Русь залесская
Шрифт:
– Гляди-кась, Гаврила, сколь костров, а до Москвы ещё далече!
– понукая лошадь, сказал Демьян.
С Гаврилы слетела дремота. В темноте весело перемигивались костры, ржали кони.
– Смерды понаехали Москву рубить, - догадался Гаврила.
Демьян свернул с дороги.
– Тпру, приехали!
– Стой!
– крикнул Гаврила, ехавший позади.
Спрыгнув с телеги, он подошёл к ближнему
Сидевшие вокруг костра мужики замолкли, повернули к Гавриле головы.
– Откуда и куда, дядя?
Голос показался Гавриле знакомым. Он вгляделся в розовое от пламени лицо мужика, шагнул ближе. Другой мужик насмешливо сказал:
– Он, Петруха, вишь, тя признает!
– А что, признаю, хоть тому немало дён минуло!
– Ну и ну! Тогда ходи к свету, знакомец, гляди, и мы тя признаем!-Петруха поднялся.
– Можа, встречали мы где тя в тёмном лесу да ослопиной потчевали!
– снова насмешливо проронил другой мужик.
Гаврила вышел к свету, сказал:
– Ежели и чинили кому обиду, то вместе.
Левша вскочил, радостно воскликнул:
– Гаврила, живой, значит!
А Петруха, приговаривая: «Вот где, значит, встретились», обнял Гаврилу.
Мужики у костра раздвинулись, дали Гавриле место. Он вглядывался в их лица, узнавал.
– Гляди-ка, Кузька, бородища-то, бородища! И что на те за малахай?
– С ордынцем побратался, - ответил угрюмый мужик, названный Кузькой.
– А что-то я Васятки и Серёги не вижу?
– спросил Гаврила.
Все замолкли. Левша вздохнул, ответил:
– Серёга от нас на родину, в Можайск, подался, не захотел с нами идти. А дед и Васятка там, на Пахре, остались… Вскоре, как ты нас покинул, довелось нам встретить ордынцев. Деда Пахома саблей срубили, а Васятку стрела догнала…
Гаврила печально промолвил:
– Да-а, вот оно как бывает… А куда же теперь путь держите?
– Идём мы, куда и все.
– Петруха обвёл рукой вокруг, указывая огни.
– Ныне вся Русь Москву строит, и негоже нам по лесам отсиживаться!
– То так, - поддакнул Гаврила и, обернувшись туда, где остановились односельчане, крикнул: - Жги костры, тут заночуем!

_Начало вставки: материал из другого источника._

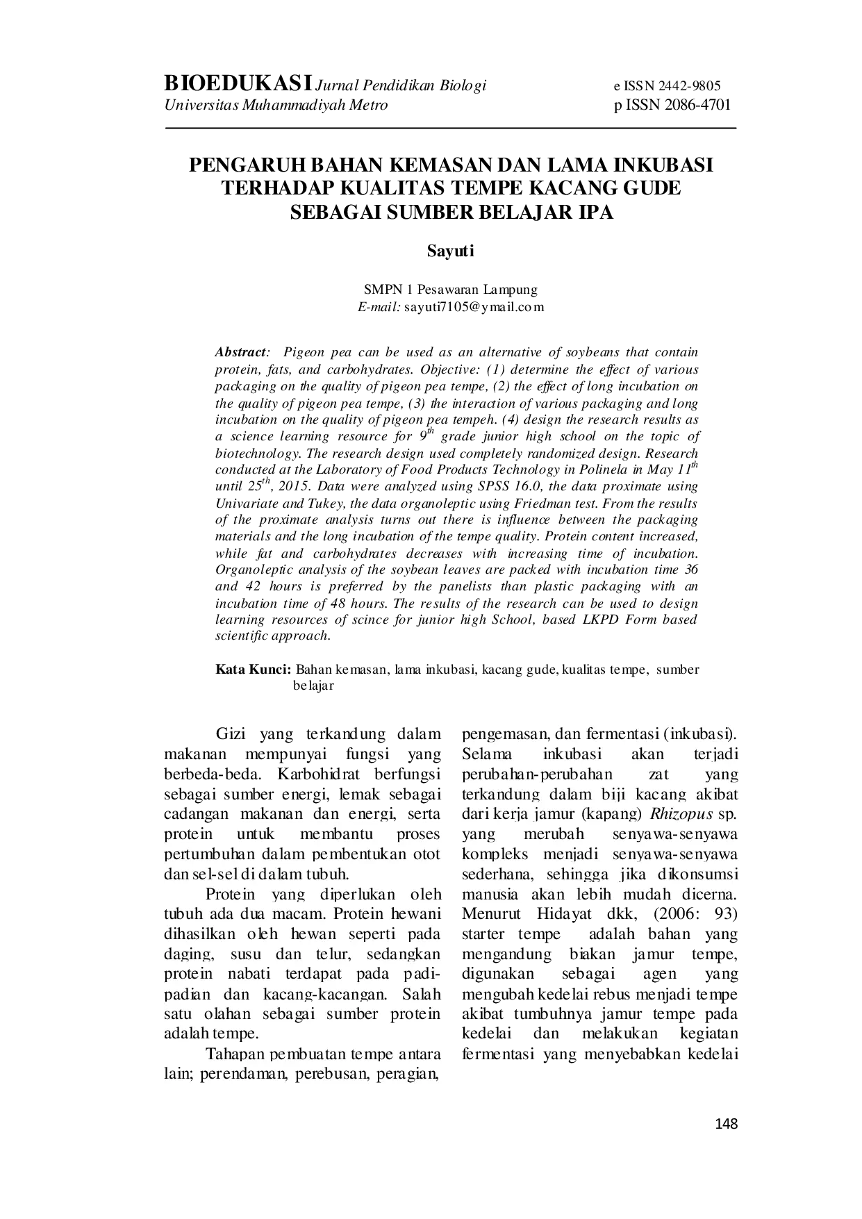 BIOEDUKASI (Jurnal Pendidikan Biologi)BIOEDUKASI (Jurnal Pendidikan Biologi)Kacang gude (Cajanus cajan (L.) Mills) dapat digunakan sebagai alternatif kedelai yang mengandung protein, lemak, dan karbohidrat. Penelitian ini bertujuan untuk (1) menentukan pengaruh berbagai bahan kemasan terhadap kualitas tempe kacang gude, (2) pengaruh lama inkubasi terhadap kualitas tempe kacang gude, (3) interaksi berbagai bahan kemasan dan lama inkubasi terhadap kualitas tempe kacang gude, dan (4) merancang hasil penelitian sebagai sumber belajar IPA untuk siswa SMP kelas IX pada topik bioteknologi pangan. Penelitian ini menggunakan rancangan acak lengkap (RAL) dengan tempe kacang gude sebagai objek penelitian. Kelompok pertama adalah berbagai bahan kemasan tempe yang umum digunakan, yaitu daun pisang, daun waru, dan plastik. Kelompok kedua adalah lama inkubasi tempe, yaitu 36 jam, 42 jam, dan 48 jam. Data dianalisis menggunakan SPSS 16.0, data proksimat dengan uji univariate dan Tukey, serta data organoleptik dengan uji Friedman. Hasil analisis proksimat menunjukkan adanya pengaruh antara bahan kemasan dan lama inkubasi terhadap kualitas tempe. Kandungan protein meningkat, sedangkan lemak dan karbohidrat menurun seiring dengan peningkatan waktu inkubasi. Analisis organoleptik menunjukkan bahwa tempe kacang gude yang dibungkus daun dengan waktu inkubasi 36 dan 42 jam lebih disukai oleh panelis dibandingkan plastik dengan waktu inkubasi 48 jam. Hasil penelitian dapat digunakan untuk merancang sumber belajar sains berbasis pendekatan ilmiah untuk siswa SMP.

Москва строилась. Заново ставили дубовые кремлёвские стены, подновляли терема. Смерды из окрестных мест валили строевой лес, везли в Москву. Калита торопил. К плотницкому делу приставили не только городских умельцев и деревенских мужиков, но и воинов. С раннего утра по всей Москве стучат молотки, жужжат пилы. Иван Данилович в холщовой рубашке, ворот нараспашку, неумело тешет бревно. Острый топор то скользнёт поверху, то залезет в дерево.
Рядом ловко орудует топором молодой кудрявый мастер. Ровные щепки так и ложатся на землю. Настоянный на смоле воздух захватывает дух.
Чуть поодаль плотники заканчивают ставить избу.
Подошла толпа мужиков. С ними Данилка. Иван Данилович вогнал в сосну топор, рукавом смахнул со лба пот. Данилка указал на стоявшего рядом Гаврилу:
– Василискин отец смердов из своей деревни привёл.
Калита обежал быстрым взглядом толпу.
– Деревня большая, сколь же дворов?
Гаврила не успел ответить, как вперёд вышел Петруха.
– То не совсем так, велик князь. Не все тут из деревни. Из деревни вот они.
– Он указал на Гаврилу и его мужиков.
– А мы лесовики.
– Тати?
– Не тати. Кровь есть на нас, но токмо ордынская.
– Слух доходил, что разбой чинили вы и на боярских вотчинах.
Глядя в глаза Калите, Петруха твёрдо ответил:
– Случалось и так, велик князь.
Иван Данилович погладил бороду, вытащил запутавшуюся в волосах щепку. Снова, уже медленно, обвёл глазами толпу. И, обращаясь к Данилке, сказал:
– Отведи их, десятник, к дворскому. Тот приставит к делу, кто чему разумеет.
Глава 2
По тенистой дорожке ханского сада, потупив седую голову, брёл дед Петро. Нестерпимо болели ноги, ныла старая рана в груди, полученная давным-давно, в тот проклятый день, когда угоняли его из подмосковного леса в ордынский полон.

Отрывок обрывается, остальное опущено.